Разрыв-трава. Не поле перейти — страница 25 из 52

Из конюховской, сгибаясь под тяжестью сбруи, прошла к амбарам какая-то баба. Он направился к ней. Баба сбросила сбрую на передок телеги, обернулась на его шаги. Он узнал Христю.

– Куда так рано?

– На мельницу отрядили. Отходы размолоть. – Она приблизилась к нему, встала рядом, мерцающими глазами заглянула в его лицо: – Может, вместе поедем?

– С какой стати?

– Потом скажу… – она игриво толкнула его плечом. – Поедем. Не пожалеешь.

Он отступил на шаг. Лучше, пожалуй, держаться от нее подальше. Деревенским бабам только на язык попади. Наизнанку вывернут. Проходу не дадут. Ей-то, Христе, терять нечего.

– Не поедешь? – спросила она. – Тогда помоги сложить мешки на телегу.

В амбаре было темно. Он остановился у порога.

– Где они, мешки-то?

Христя прошла вперед, позвала из темноты приглушенным голосом:

– Иди сюда…

Он пошел, ничего не видя перед собой. Вдруг лицом к лицу столкнулся с нею. Руки сами собой легли на ее плечи, нерешительно замерли. Ему не хватало бездумной дерзости, и Христя, видимо, почувствовала это, с насмешливым вызовом спросила:

– А дальше что?

– А вот…

Голос у него сразу осип, пропал, и, уже ни о чем не думая, он стиснул руки на ее затылке, впился в горячие, неподатливо упругие губы. С неожиданной для нее силой она рванулась в сторону, выскользнула, пропала в непроницаемой темноте; он топтался, ощущая на губах соленый привкус, старался уловить шорохи, но ничего не слышал: мешал шум в ушах.

– Что теперя?

Ее голос прозвучал где-то за спиной, по-прежнему приглушенно-зовущий и насмешливый. Он резко обернулся, увидел ее в полосе слабого света, падающего из дверей. Лицо расплывалось в сумраке, лишь блестели глаза и зубы. Он схватил ее за руку, повлек в темноту, все больше распаляясь. Она уперлась ногами в пол и скользила на подошвах, как на лыжах, сквозь смех говорила:

– Давай, давай! Силен. Ох и силен!.. Даже жаль, что помешают. Идет кто-то сюда…

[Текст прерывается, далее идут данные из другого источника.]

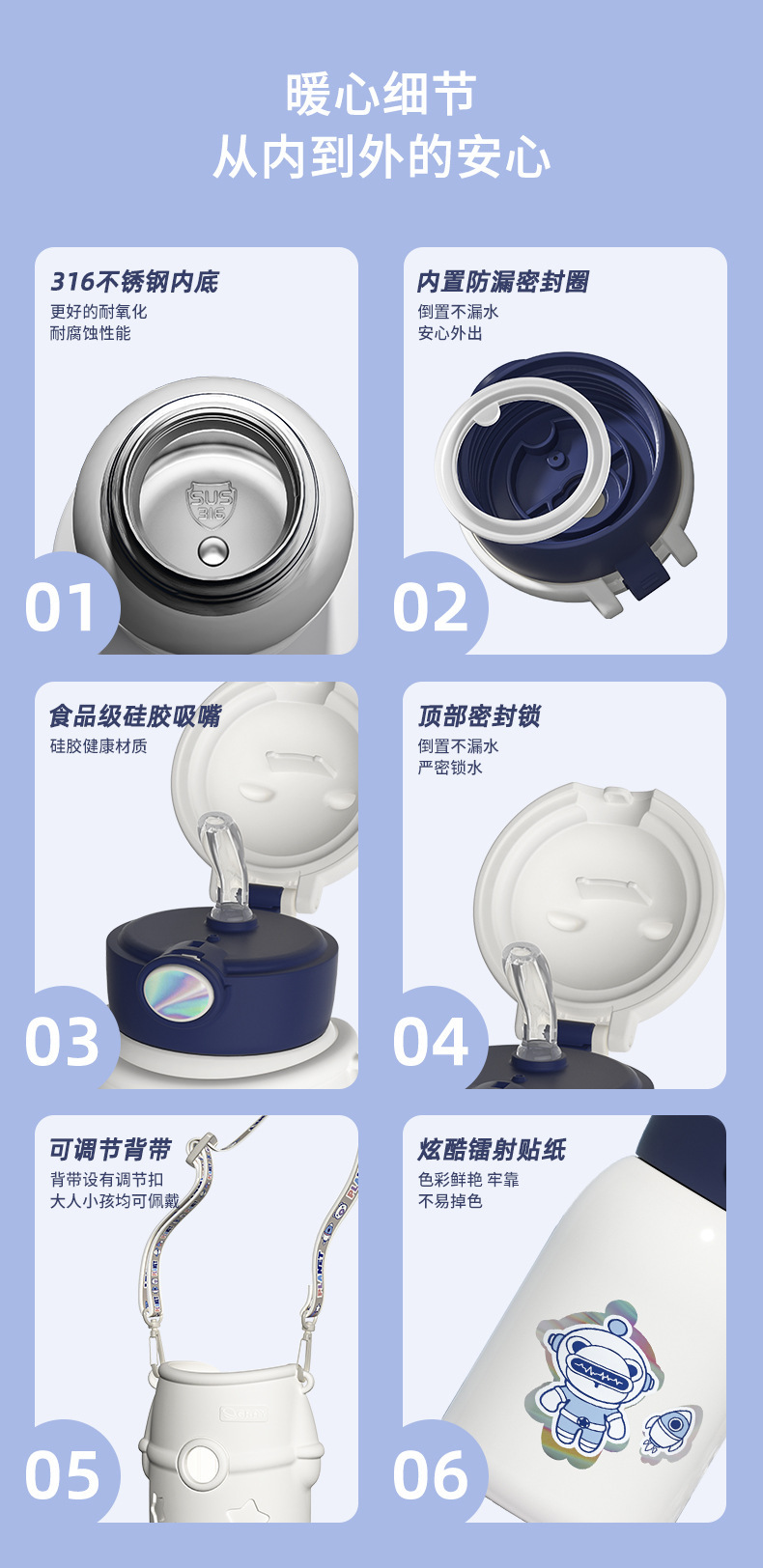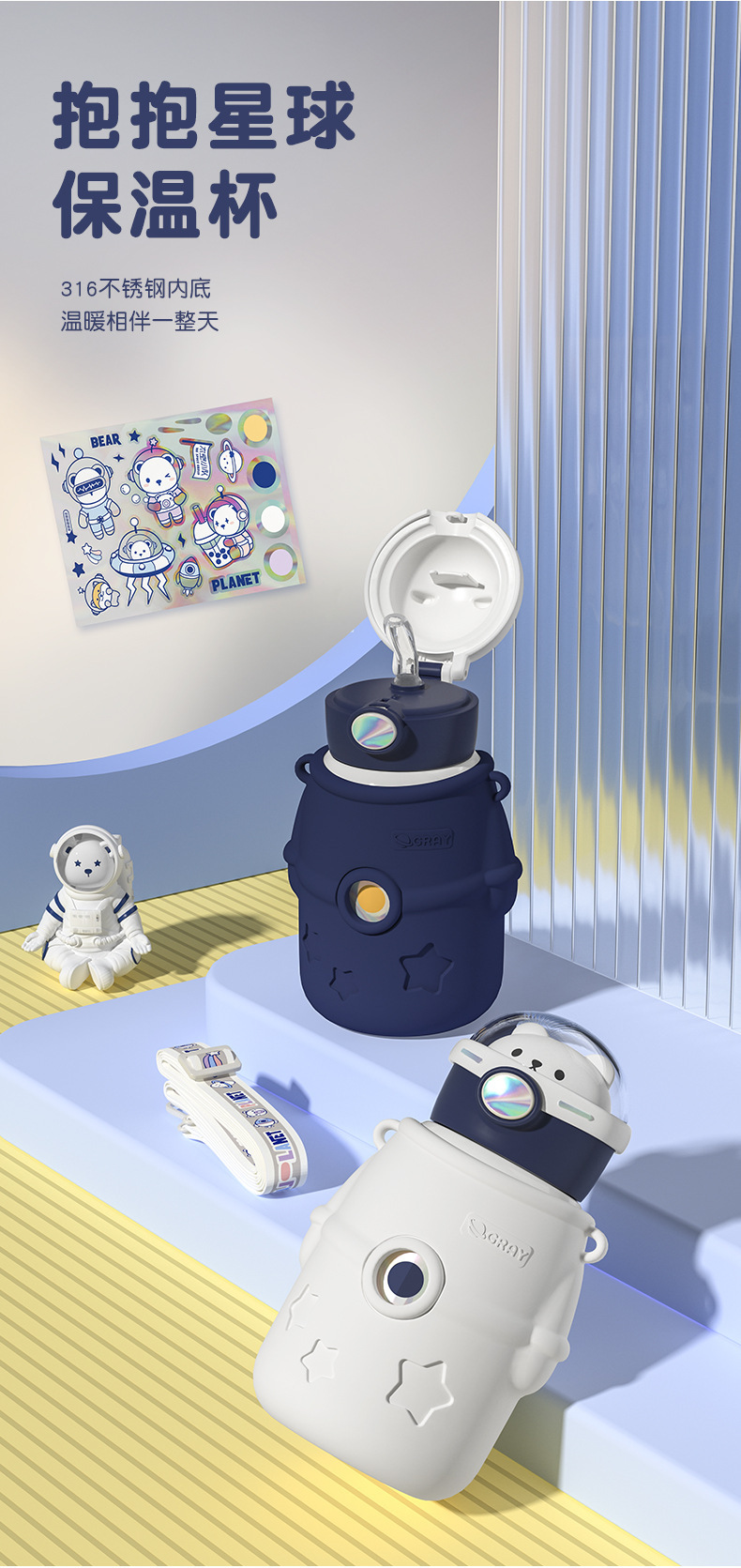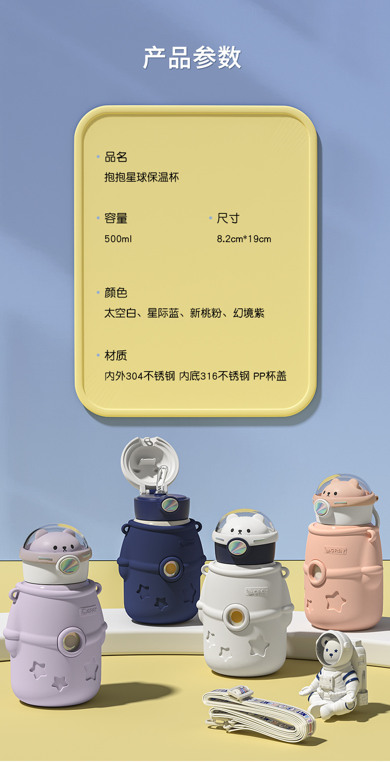 宇宙飛行士は星の子供304ステンレス保温カップを抱いています。

Он остановился, словно налетел на стену, отпрянул от нее, выскочил из амбара. Во дворе было по-прежнему пусто. На небе меркли последние звезды, отблески зари розовели на редких облаках. Христя со смехом вышла следом за ним. Она прямо-таки давилась от смеха, хлопала себя по бедрам, приговаривала:

– Ой, мамочка, не могу! Умираю, мамочка!

– Чего закатилась? – сквозь стиснутые зубы спросил он, стыдясь самого себя и ненавидя ее.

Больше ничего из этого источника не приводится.